Operating expenses by nature :
In thousands of Euro - IFRS rules |
06/30/2016 |
06/30/2015 |
||
Cost of goods sold | (755) | (663) | ||
Payroll expense | (8,440) | (4,172) | ||
External charges | (10,423) | (6,832) | ||
Taxes | (138) | (25) | ||
Depreciation, amortization & provisions | (307) | (166) | ||
Operating expenses | (20,063) | (11,858) |
External expenses represent the largest expenditure item with nearly 52% of total operating expenses. They amounted to 10.4 million euros in 2016 compared to 6.8 million euros for the same period in 2015. The acceleration of clinical and preclinical developments explains this increase and reflects the progress of our portfolio.
Personnel costs represents the second significant area of expenses with 42% of total operating expenses. The increase of 4.2 million euros to 8.4 million euros reflects firstly the increase in staff and, secondly, the incentive policy in bonus shares implemented for the benefit of all staff at the end of last year. Under IFRS, share-based payments are recognized at the fair value of the equity instruments and represent an amount of 2.1 million euros at June 30, 2016 (compared to 0.3 million euros at June 30, 2015).

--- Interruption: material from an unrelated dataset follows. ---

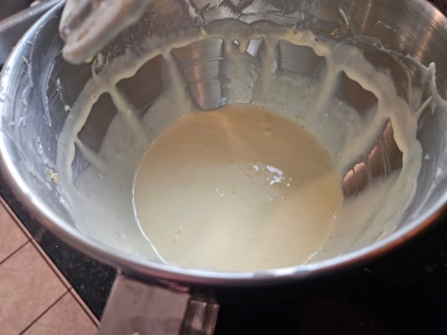 Beat in the sugar, lemon juice and zest, and vanilla, making sure to scrape down the insides of the bowl.

Excluding these elements that have no impact in French GAAP, nor on the cash position of the Company, personnel expenses amounted to 6.3 million euros (compared to 3.9 million euros in the first half of 2015) reflecting mainly enrollment growth of 33% between the two periods.
Balance sheet items
In thousands of Euro - IFRS rules |
06/30/2016 |
12/31/2015 |
||
Net cash and cash equivalents | 60,899 | 72,062 | ||
Total assets | 86,668 | 88,095 | ||
Equity | 44,564 | 47,052 | ||
Financial Debt | 6,260 | 838 |
On June 30, 2016, the amount of cash and cash equivalents held by the Company amounted to 60.9 million euros compared to 72.1 million euros at December 31, 2015.
Consolidated shareholders' equity decreased from 47.1 million euros at end December 2015 to 44.6 million euros at end June 2016, mainly reflecting the negative result at the end of June 2016.
Financial liabilities in the amount of 6.3 million euros at June 2016, mainly related real estate loan used to finance the acquisition and renovation of the building in which its headquarters and its research center are located, amounting to 5.2 million euros, as well as refundable advances from the French Agency for Innovation (Bpifrance), for the insulin project.